In this tutorial, we use a Single Cell Gene Expression Flex dataset containing 157,323 cells isolated from 21 flash frozen human tissue samples from treated and untreated Non-Small Cell Lung Cancer (Lung Squamous Cell Carcinoma, LUSC) and Normal Adjacent (NADJ). The goal of this experiment is to identify lung cell types across squamous cell lung cancer disease states.
The goals of this Analysis Guide are to demonstrate:
- How to use a community tool, Azimuth, to generate cell type annotations in R.
- How to export those annotations in a format that can be imported into Loupe Browser.
- How to convert the Seurat object generated from Azimuth into a .cloupe file using LoupeR.
The code provided in this Analysis Guide was written in R version 4.2.1. The full session information, including the versions of various packages used, can be found at the bottom of this page.
Azimuth is an automated cell type annotation tool that uses a pre-annotated reference single cell dataset along with a feature-barcode matrix (the query dataset) as inputs. It compares the gene expression profile of each individual cell in the query dataset to the reference and its cell type assignments. This means that users need to choose an appropriate reference dataset, with annotations, to use this tool. The developers of Azimuth provide references for specific tissues through a database, which you may use if you do not have your own reference readily available. If you do not see your tissue of interest in Azimuth’s database, you may need to explore other cell type annotation tools that do not require a reference dataset. We recommend exploring several options before proceeding with any one tool, as each tool differs in its required inputs, algorithms, and accuracy, depending on your data. We have chosen to use Azimuth for this tutorial based on its ease of use, compatibility with R, and interoperability with 10x inputs. To learn about other cell type annotation tools, including those that do not require reference data, see our article: Web Resources for Cell Type Annotation.

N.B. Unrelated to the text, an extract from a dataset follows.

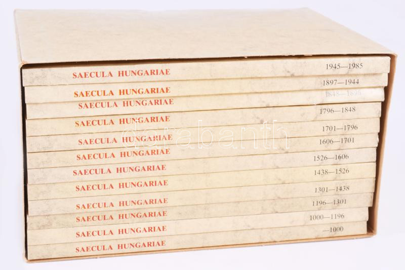 3 db - Árpád-kori legendák és intelmek. A válogatás, a bevezető tanulmány, a jegyzetek és a szöveggondozás Érszegi Géza munkája. Bp., 1983, Szépirodalmi Könyvkiadó. Kiadói egészvászon-kötés, kiadói papír védőborítóban. + Unger Mátyás-Szabolcs Ottó: Magyarország története. (Rövid áttekintés.) Bp., 1973, Gondolat. Kiadói egészvászon kötés, kiadói papír védőborítóban. + Saecula Hungariae I-XII. Válogatott írások a honfoglalás korától napjainkig 12 kötetben. Bp., 1985, Széchenyi Művészeti Központ. Kiadói papírkötés, kissé sérült kiadói papír dísztokban, ex libris-szekkel.
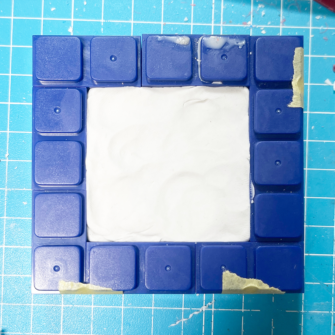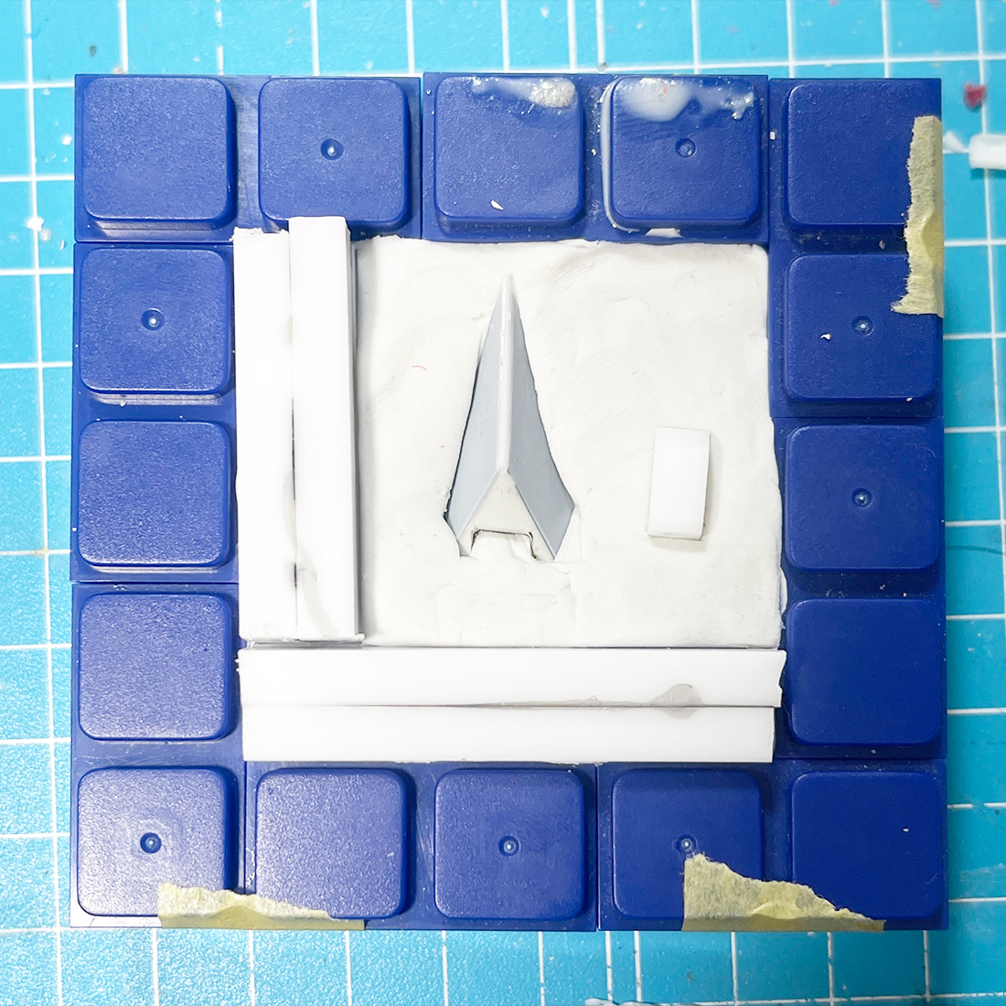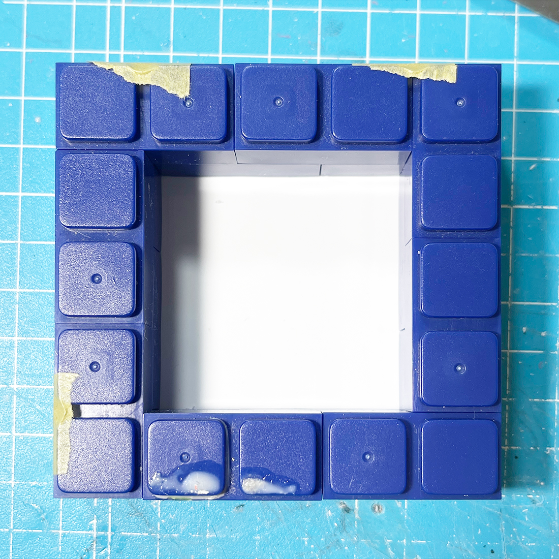 ブロックで枠を作りました。底にはプラ板を貼って貼ってます。マスキングテープで貼ってます。

Once Azimuth is run, a Seurat object is returned which contains:
- Cell annotations (at multiple levels of resolution, from broad cell type categories to more specific ones)

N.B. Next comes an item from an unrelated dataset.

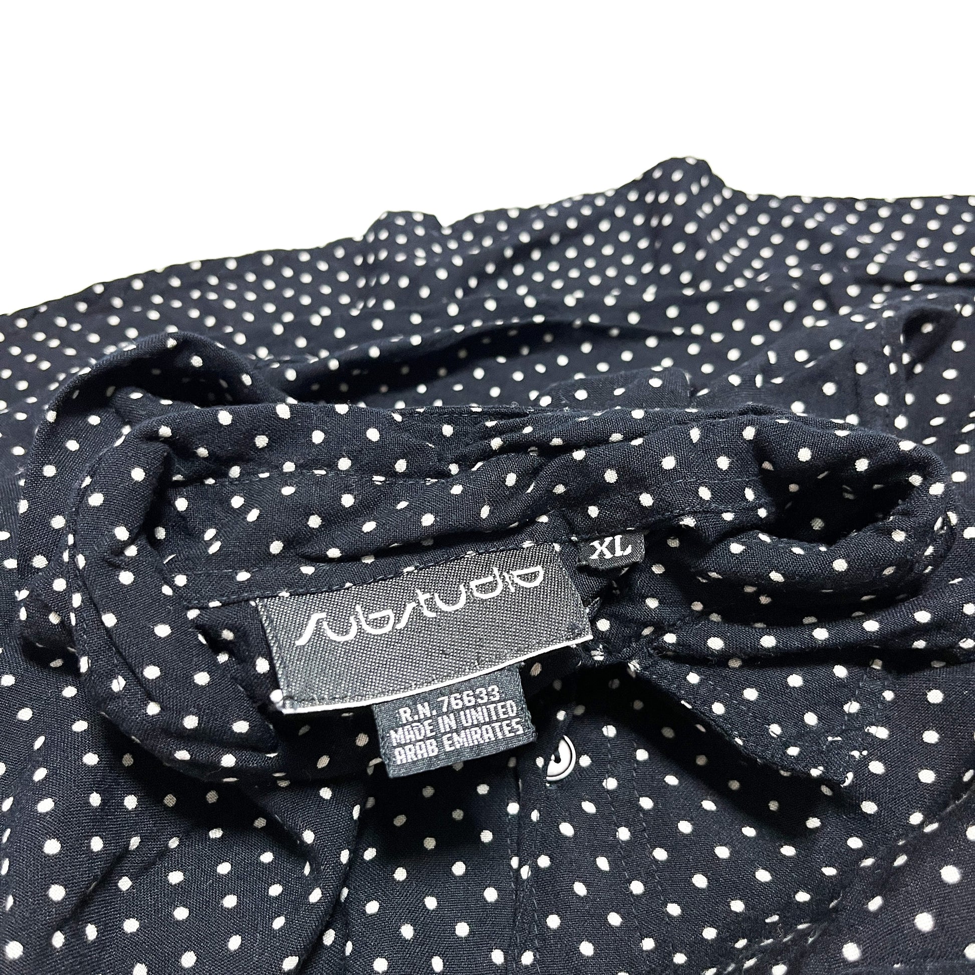 UAE製のレーヨンドットシャツ。

- Prediction scores (i.e. confidence scores) for each annotation
- Projection onto the reference-derived 2-dimensional UMAP visualization
- Mapping scores for the projection
Details and information about the Azimuth algorithm can be found in Stuart et al. 2019. Azimuth is compatible with a wide range of inputs, including Seurat objects, 10x HDF5 files, and Scanpy/h5ad files. Azimuth can be used in R, as demonstrated in this tutorial, or through a web app created by the developers. Simply click the "Go to App" button associated with the reference data that you would like to use on this page.

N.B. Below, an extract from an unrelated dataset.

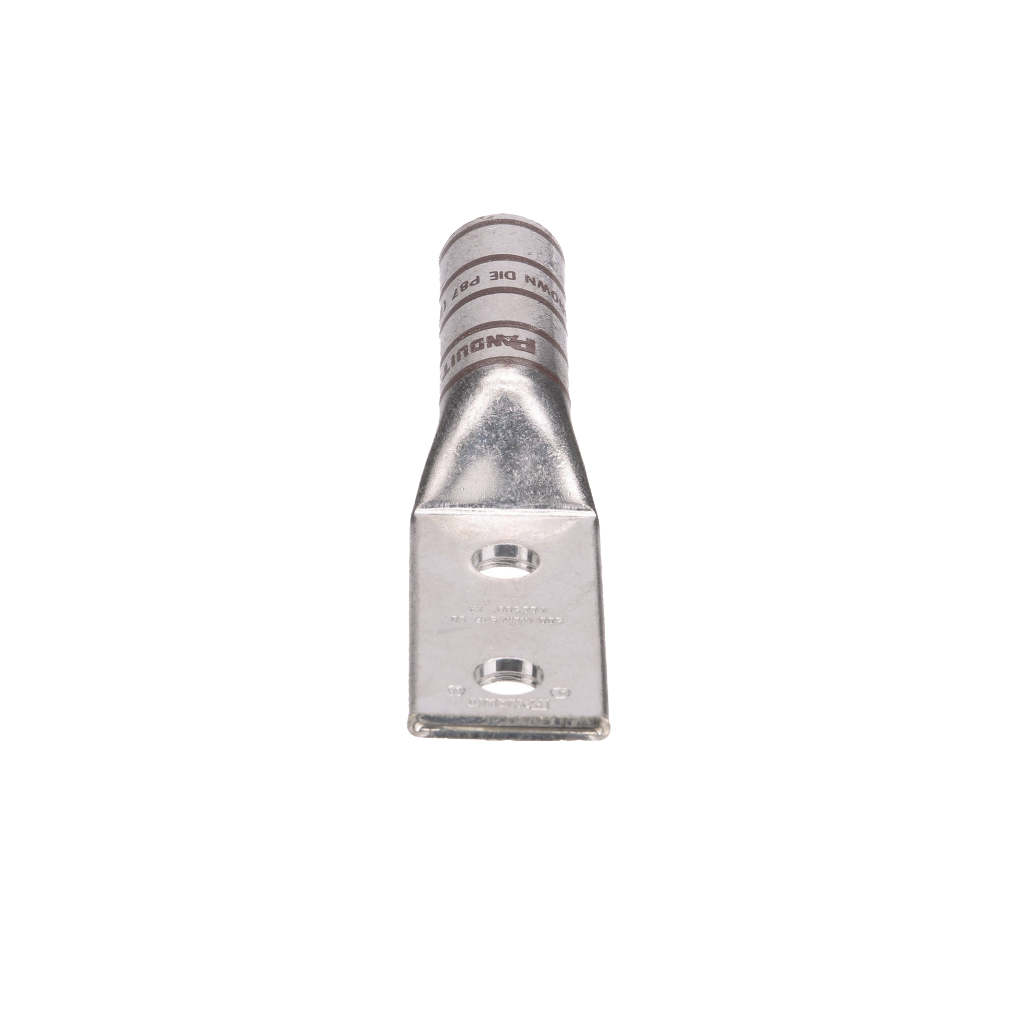 Talón de conector de compresión de cobre estañado LCC500-12-6, dos orificios, tambor largo y tambores codificados por color marcados con números de índice de dado de Panduit y de un competidor especificado para la adecuada selección de dados. El tambor largo maximiza la cantidad de prensas y ofrece alta calidad de rendimiento y resistencia de extracción del cable. El tambor cerrado evita que ingrese material corrosivo en entornos hostiles. Incluido en el Listado UL y certificado por CSA.

Azimuth is just one option among many for cell type annotation. To learn about other cell type annotation tools, including those that do not require reference data as input, see our article: Web Resources for Cell Type Annotation.
Next we will walk through the steps to generate cell type annotations and convert those data into a Loupe file. All files needed to execute the following script, including the R script itself, can be found in the compressed folder here: annotations-r-to-loupe.tar.gz. Be sure to upload all files into your working directory prior to beginning the tutorial. Note: the total time to completion for this tutorial, starting from installation on a laptop computer with 16 GB of memory, is around 2 hours.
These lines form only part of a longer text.